The following terms will have the following meaning for purposes of the Plan:
(a) "Award" means a bonus paid in cash.
(b) "Board" means the Board of Directors of the Company.
(c) "Chief Executive Officer" means the chief executive officer of the Company.
(d) "Committee" means the Management Development and Compensation
Committee of the Board, or such other Committee designated by the Board
to administer the Plan.
(e) "Employee" means any person employed by the Company or any Subsidiary.
(f) "Executive Committee" means the executives who are members of
the Company’s management executive committee.
(g) "Executive" means a person who is member of the Clorox leadership committee.
(h) "Participant" means an Employee selected by the Committee to
participate in the Plan.
(i) “Retirement” means termination of employment with the Company, other
than by reason of death or disability, (1) at age 65, (2) at least age 55 with
at least ten years of vesting service under The Clorox Company Pension Plan
or (3) with at least 20 years of vesting service under The Clorox
Company Pension Plan.
(j) "Subsidiary" means any corporation in which the Company, directly or
indirectly, controls 50 percent or more of the total combined voting power
of all classes of stock.
(k) "Year" means a fiscal year of the Company.
(a) Within 90 days after the beginning of each Year, the Committee will select
Participants for the Year and establish in writing the method by which the Awards
will be calculated for that Year. The Committee may provide for payment of all
or part of the Award in the case of retirement, death, disability or change of
ownership of control of the Company or a Subsidiary during the Year.
(b) For the Chief Executive Officer and the Executive Committee, the Committee
shall determine and certify the amount of the Award, if any, to be made. The
Committee may increase, decrease or eliminate, any Award calculated
under the methodology established in accordance with paragraph (a) in order
to reflect additional considerations relating to performance.
(c) For Executives (other than the Chief Executive Officer and the Executive
Committee) and all other participants, the Chief Executive Officer shall
determine and certify the amount of the Award, if any, to be made. The
Chief Executive Officer may increase, decrease or eliminate, any Award
calculated under the methodology established in accordance with paragraph (a)
in order to reflect additional considerations relating to performance.
(e) Awards will be paid to the Participants following certification and no later
than ninety (90) days following the close of the Year with respect to which
the Awards are made.
(f) The Company shall withhold from the payment of any Award hereunder
any amount required to be withheld for taxes.
TERMINATION OF EMPLOYMENT
Except as may be specifically provided in an Award pursuant to Section 3(a), a
Participant shall have no right to an Award under the Plan for any Year in
which the Participant is not actively employed by the Company or its Subsidiaries
on June 30 of such Year. When establishing Awards each Year, the Committee
may also provide that in the event a Participant is not employed by the Company
or its Subsidiaries on the date on which the Award is paid, the Participant may
forfeit his or her right to the Award paid under the Plan.

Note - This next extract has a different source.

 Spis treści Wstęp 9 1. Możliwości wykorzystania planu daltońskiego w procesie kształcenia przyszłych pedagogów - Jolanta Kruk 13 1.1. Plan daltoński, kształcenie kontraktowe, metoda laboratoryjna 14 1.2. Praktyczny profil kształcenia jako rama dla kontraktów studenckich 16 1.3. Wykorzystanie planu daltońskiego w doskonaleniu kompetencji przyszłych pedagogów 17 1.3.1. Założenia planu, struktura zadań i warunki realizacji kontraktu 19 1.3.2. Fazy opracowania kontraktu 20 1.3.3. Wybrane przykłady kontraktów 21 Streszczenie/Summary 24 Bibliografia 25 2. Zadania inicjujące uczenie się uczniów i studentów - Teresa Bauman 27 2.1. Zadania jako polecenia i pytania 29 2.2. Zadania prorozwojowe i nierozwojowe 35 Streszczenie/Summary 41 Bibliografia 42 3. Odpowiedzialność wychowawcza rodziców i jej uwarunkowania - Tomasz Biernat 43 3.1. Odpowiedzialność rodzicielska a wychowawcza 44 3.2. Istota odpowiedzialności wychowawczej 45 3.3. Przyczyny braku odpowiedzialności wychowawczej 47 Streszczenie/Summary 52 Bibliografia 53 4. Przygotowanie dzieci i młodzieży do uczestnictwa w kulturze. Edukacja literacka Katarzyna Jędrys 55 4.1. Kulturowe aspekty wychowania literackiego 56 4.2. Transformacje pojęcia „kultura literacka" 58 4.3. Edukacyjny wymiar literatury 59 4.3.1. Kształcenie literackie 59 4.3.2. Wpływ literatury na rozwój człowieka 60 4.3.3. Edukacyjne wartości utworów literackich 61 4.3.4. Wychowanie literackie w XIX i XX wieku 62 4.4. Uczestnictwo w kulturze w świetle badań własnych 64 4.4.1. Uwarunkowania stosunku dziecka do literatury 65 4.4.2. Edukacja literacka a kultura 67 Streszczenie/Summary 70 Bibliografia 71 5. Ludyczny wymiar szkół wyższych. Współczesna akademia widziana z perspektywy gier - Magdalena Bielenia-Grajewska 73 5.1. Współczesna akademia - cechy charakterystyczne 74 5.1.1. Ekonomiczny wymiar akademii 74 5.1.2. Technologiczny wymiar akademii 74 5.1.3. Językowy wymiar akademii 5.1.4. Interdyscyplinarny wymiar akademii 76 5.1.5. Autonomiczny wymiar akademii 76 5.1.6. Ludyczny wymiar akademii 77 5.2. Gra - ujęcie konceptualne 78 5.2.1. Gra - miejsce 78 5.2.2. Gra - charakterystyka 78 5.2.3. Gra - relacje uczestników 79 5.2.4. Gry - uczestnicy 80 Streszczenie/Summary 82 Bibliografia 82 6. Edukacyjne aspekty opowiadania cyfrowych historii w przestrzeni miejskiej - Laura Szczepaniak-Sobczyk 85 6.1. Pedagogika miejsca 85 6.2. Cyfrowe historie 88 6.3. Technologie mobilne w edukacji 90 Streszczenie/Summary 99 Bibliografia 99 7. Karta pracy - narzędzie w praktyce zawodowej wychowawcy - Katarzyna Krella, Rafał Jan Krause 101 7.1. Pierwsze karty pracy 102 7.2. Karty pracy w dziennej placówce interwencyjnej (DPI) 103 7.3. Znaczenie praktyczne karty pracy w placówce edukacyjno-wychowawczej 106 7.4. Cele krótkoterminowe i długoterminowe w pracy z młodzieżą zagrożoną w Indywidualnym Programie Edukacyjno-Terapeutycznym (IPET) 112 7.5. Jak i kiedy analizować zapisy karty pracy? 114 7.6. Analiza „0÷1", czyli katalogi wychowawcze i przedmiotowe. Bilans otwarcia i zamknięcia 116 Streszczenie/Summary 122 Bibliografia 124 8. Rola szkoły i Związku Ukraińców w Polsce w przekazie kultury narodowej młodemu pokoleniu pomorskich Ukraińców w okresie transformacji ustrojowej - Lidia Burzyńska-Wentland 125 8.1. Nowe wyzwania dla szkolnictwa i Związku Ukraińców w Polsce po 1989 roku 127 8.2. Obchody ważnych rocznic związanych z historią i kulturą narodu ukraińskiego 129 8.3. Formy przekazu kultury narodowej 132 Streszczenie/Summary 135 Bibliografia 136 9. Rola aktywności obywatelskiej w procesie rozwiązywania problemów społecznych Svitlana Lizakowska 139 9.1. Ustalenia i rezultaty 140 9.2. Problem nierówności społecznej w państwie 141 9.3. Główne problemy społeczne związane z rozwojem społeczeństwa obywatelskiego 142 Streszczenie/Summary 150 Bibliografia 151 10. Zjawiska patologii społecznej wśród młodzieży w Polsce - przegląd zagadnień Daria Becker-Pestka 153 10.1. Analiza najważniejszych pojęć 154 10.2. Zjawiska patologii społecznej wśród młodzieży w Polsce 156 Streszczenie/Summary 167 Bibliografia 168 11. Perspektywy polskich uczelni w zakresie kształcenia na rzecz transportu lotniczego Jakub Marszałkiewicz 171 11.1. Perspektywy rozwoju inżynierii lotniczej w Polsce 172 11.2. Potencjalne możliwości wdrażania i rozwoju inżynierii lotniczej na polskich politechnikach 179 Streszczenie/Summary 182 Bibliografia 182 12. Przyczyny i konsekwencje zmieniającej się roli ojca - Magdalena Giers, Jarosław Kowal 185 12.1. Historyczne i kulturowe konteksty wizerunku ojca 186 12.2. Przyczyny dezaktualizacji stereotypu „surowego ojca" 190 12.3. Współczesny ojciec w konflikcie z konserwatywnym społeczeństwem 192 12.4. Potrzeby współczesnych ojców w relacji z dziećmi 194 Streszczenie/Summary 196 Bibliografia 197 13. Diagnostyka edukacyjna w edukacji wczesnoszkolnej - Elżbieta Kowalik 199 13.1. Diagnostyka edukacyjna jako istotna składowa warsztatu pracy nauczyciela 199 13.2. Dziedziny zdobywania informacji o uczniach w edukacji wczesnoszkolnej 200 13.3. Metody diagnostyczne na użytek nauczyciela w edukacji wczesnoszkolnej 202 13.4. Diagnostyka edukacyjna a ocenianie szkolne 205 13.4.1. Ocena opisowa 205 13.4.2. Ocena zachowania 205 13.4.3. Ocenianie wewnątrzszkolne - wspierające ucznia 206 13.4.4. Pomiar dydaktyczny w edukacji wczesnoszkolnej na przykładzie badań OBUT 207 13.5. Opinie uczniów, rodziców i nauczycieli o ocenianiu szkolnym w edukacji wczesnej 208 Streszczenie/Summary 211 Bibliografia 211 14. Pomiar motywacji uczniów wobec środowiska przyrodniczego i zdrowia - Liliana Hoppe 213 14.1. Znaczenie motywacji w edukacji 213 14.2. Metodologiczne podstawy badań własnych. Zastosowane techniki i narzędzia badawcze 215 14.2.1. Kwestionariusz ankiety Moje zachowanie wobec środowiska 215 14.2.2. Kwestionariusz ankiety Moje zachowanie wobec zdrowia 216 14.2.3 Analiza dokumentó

The Plan will be administered by the Committee. The Committee will have the
authority to interpret the Plan, to prescribe rules relating to the Plan and to
make all determinations necessary or advisable in administering the Plan.

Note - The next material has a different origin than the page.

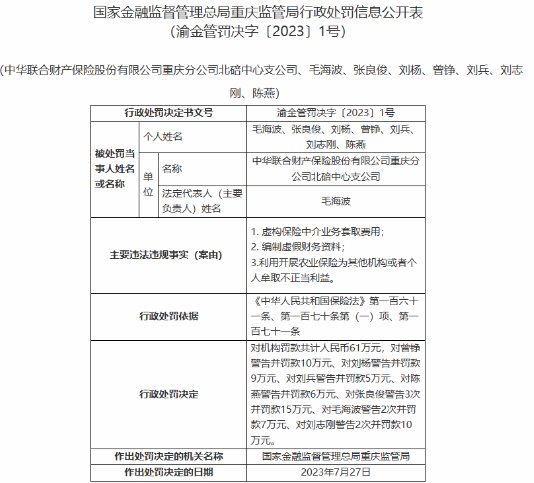 依照相关法规,国家金融监督管理总局重庆监管局对中华联合财产保险股份有限公司重庆分公司北碚中心支公司处罚款61万元;同时对曾铮警告并罚款10万元、对刘杨警告并罚款9万元、对刘兵警告并罚款5万元、对陈燕警告并罚款6万元、对张良俊警告3次并罚款15万元、对毛海波警告2次并罚款7万元、对刘志刚警告2次并罚款10万元。

Decisions of the Committee with respect to the Plan will be final and conclusive.
6. UNFUNDED PLAN
Awards under the Plan will be paid from the general assets of the Company, and
the rights of Participants under the Plan will be only those of general unsecured
creditors of the Company.
7. AMENDMENT OR TERMINATION OF THE PLAN
The Committee may from time to time suspend, revise, amend or terminate
8. APPLICABLE LAW
The Plan will be governed by the laws of California.
9. NO RIGHTS TO EMPLOYMENT
Nothing contained in the Plan shall give any person the right to be retained
in the employment of the Company or any of its Subsidiaries. The Company
reserves the right to terminate any Participant at any time for any reason
notwithstanding the existence of the Plan.
10. NO ASSIGNMENT
Except as otherwise required by applicable law, any interest, benefit, payment,
claim or right of any Participant under the Plan shall not be sold, transferred,
assigned, pledged, encumbered or hypothecated by any Participant and shall
not be subject in any manner to any claims of any creditor of any Participant or
beneficiary, and any attempt to take any such action shall be null and void.
During the lifetime of any Participant, payment of an Award shall only be made
to such Participant. Notwithstanding the foregoing, the Committee may establish
such procedures as it deems necessary for a Participant to designate a beneficiary
to whom any amounts would be payable in the event of any Participant's death.